→ **YOUR GOAL**: Please write out exactly, without any picture, each line from the first in the listing through the line that includes "Always before this, I".

→ **SUPPLIED MATERIAL**:
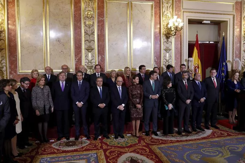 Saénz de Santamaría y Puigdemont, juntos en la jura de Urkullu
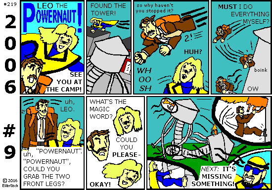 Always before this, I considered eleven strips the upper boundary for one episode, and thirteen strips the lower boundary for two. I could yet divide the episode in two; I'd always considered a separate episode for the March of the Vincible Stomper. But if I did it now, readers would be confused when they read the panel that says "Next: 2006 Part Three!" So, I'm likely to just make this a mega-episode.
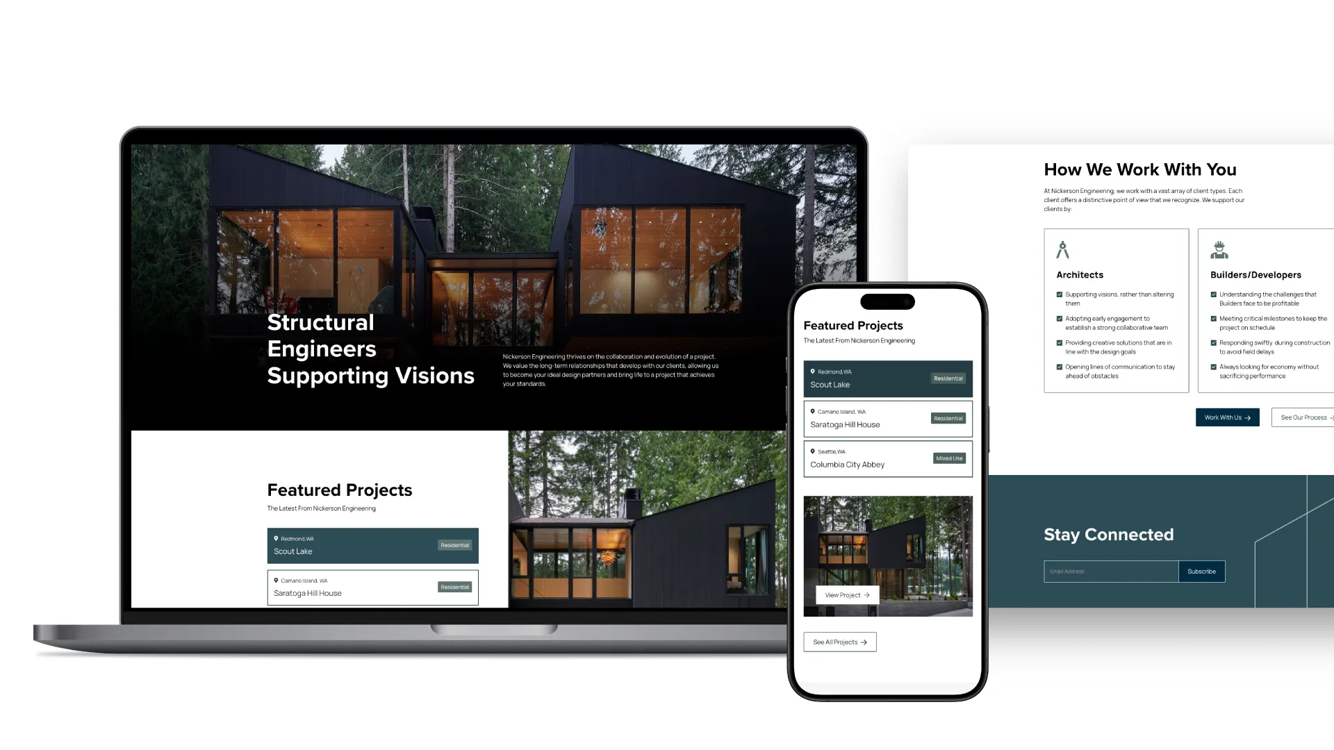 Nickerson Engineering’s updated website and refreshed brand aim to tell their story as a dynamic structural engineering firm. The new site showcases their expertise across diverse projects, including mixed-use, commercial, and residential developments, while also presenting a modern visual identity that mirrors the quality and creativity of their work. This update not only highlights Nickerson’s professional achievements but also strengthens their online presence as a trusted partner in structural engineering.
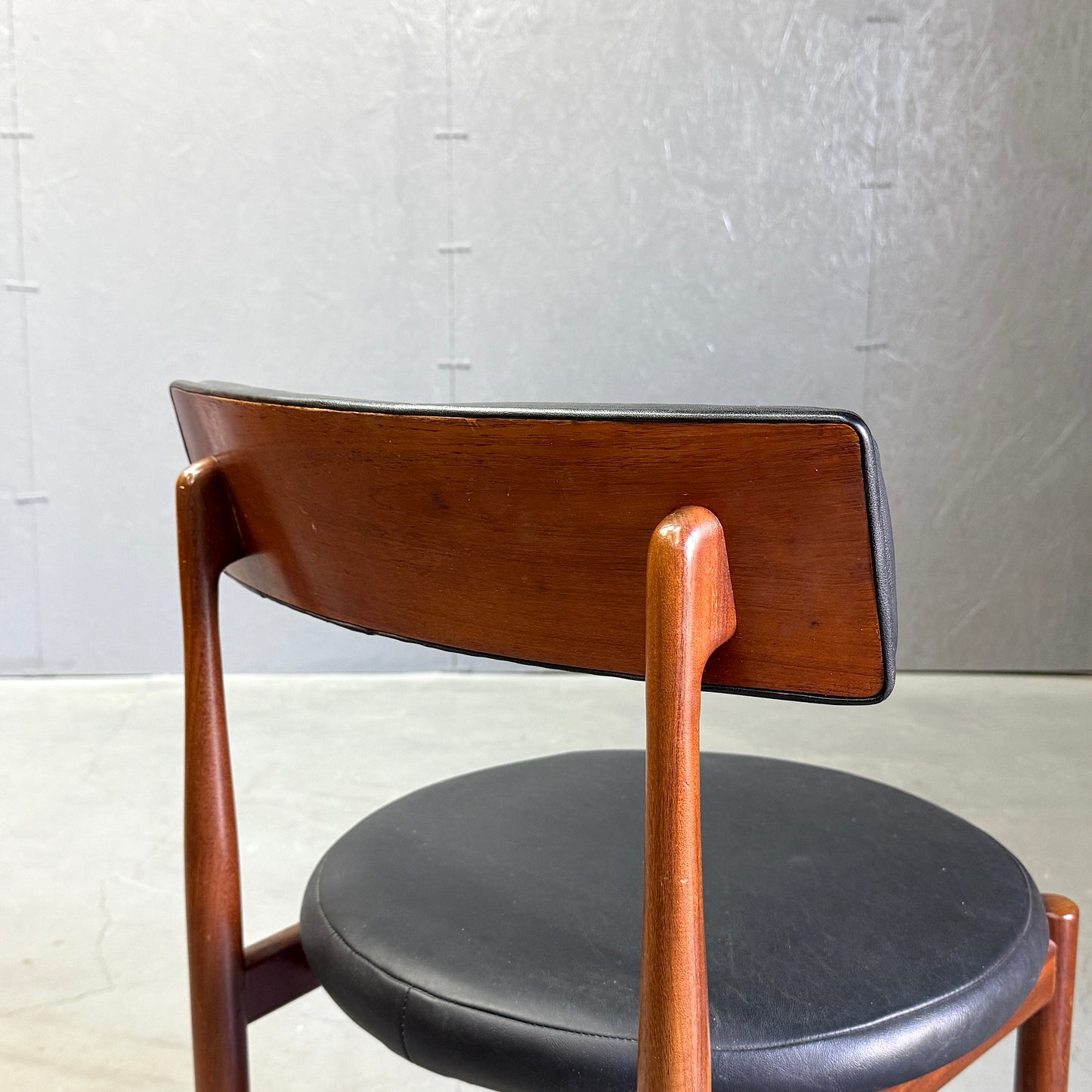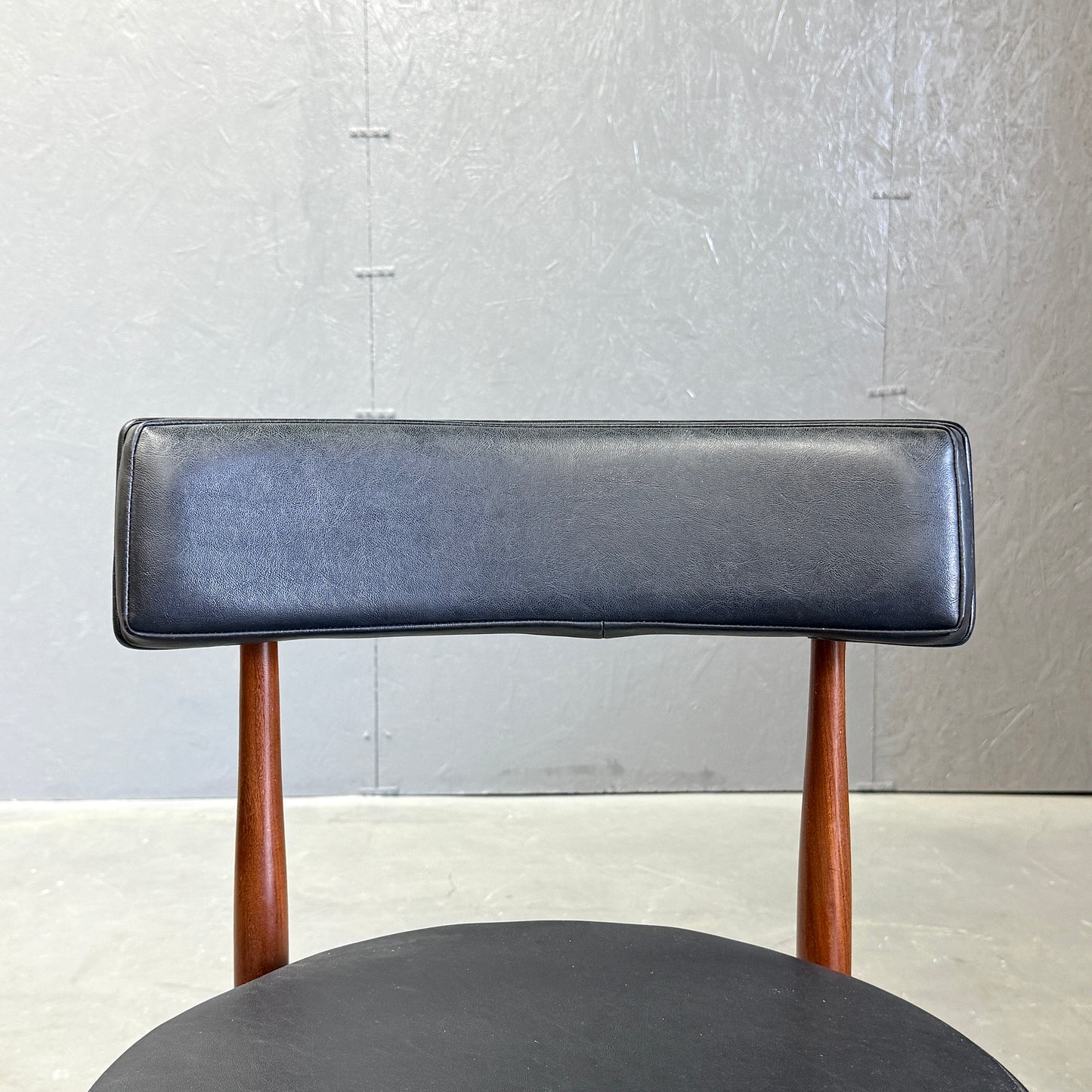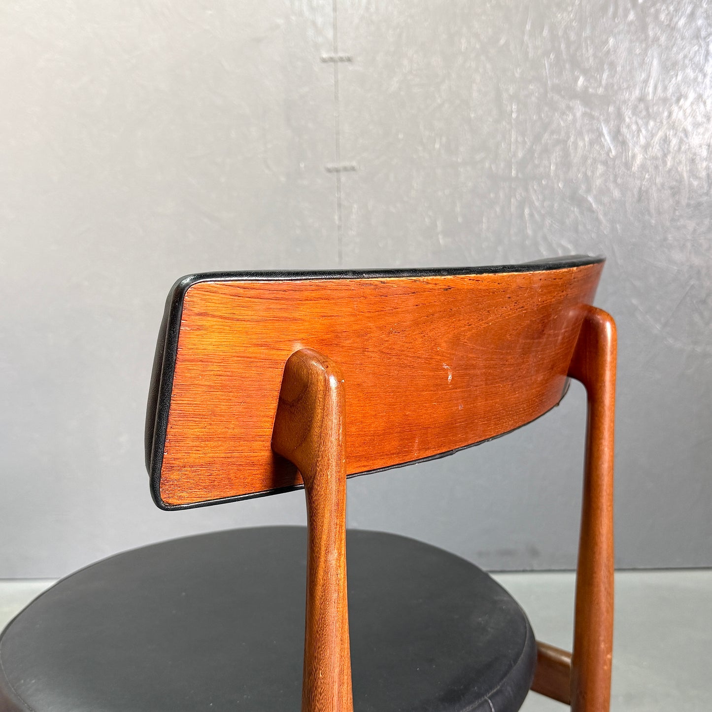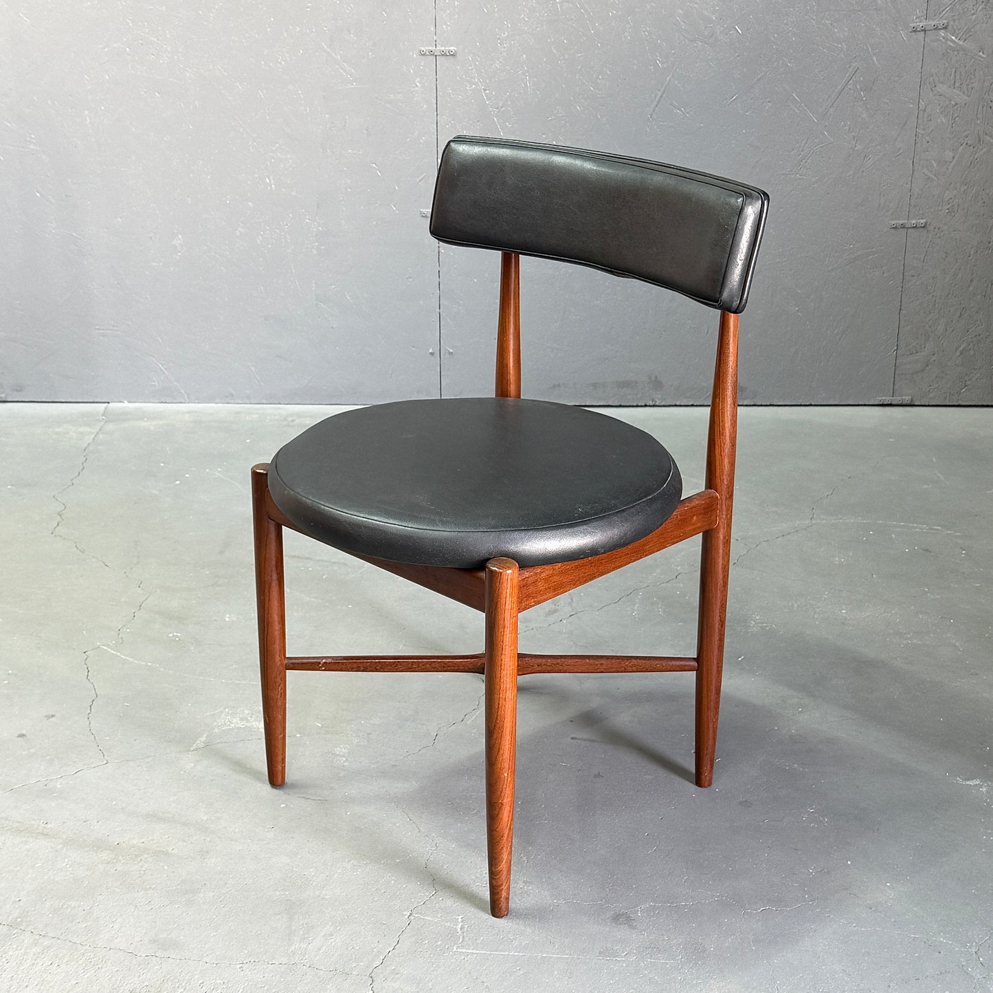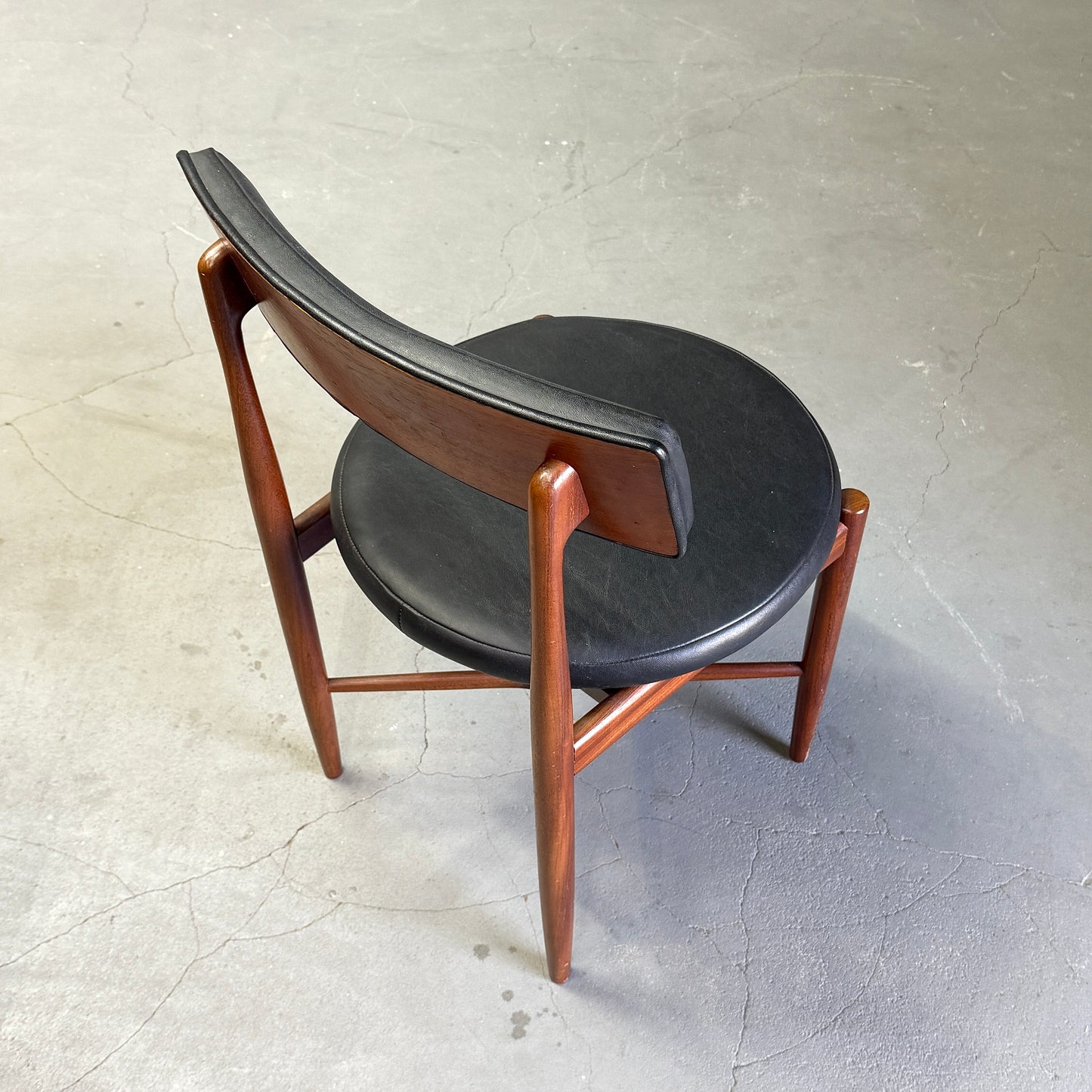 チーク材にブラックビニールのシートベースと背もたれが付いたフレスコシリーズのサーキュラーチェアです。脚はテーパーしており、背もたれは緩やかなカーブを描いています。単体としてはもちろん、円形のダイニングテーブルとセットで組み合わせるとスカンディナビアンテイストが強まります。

→ **EXERCISE RESPONSE**:
 Saénz de Santamaría y Puigdemont, juntos en la jura de Urkullu
 Always before this, I considered eleven strips the upper boundary for one episode, and thirteen strips the lower boundary for two. I could yet divide the episode in two; I'd always considered a separate episode for the March of the Vincible Stomper. But if I did it now, readers would be confused when they read the panel that says "Next: 2006 Part Three!" So, I'm likely to just make this a mega-episode.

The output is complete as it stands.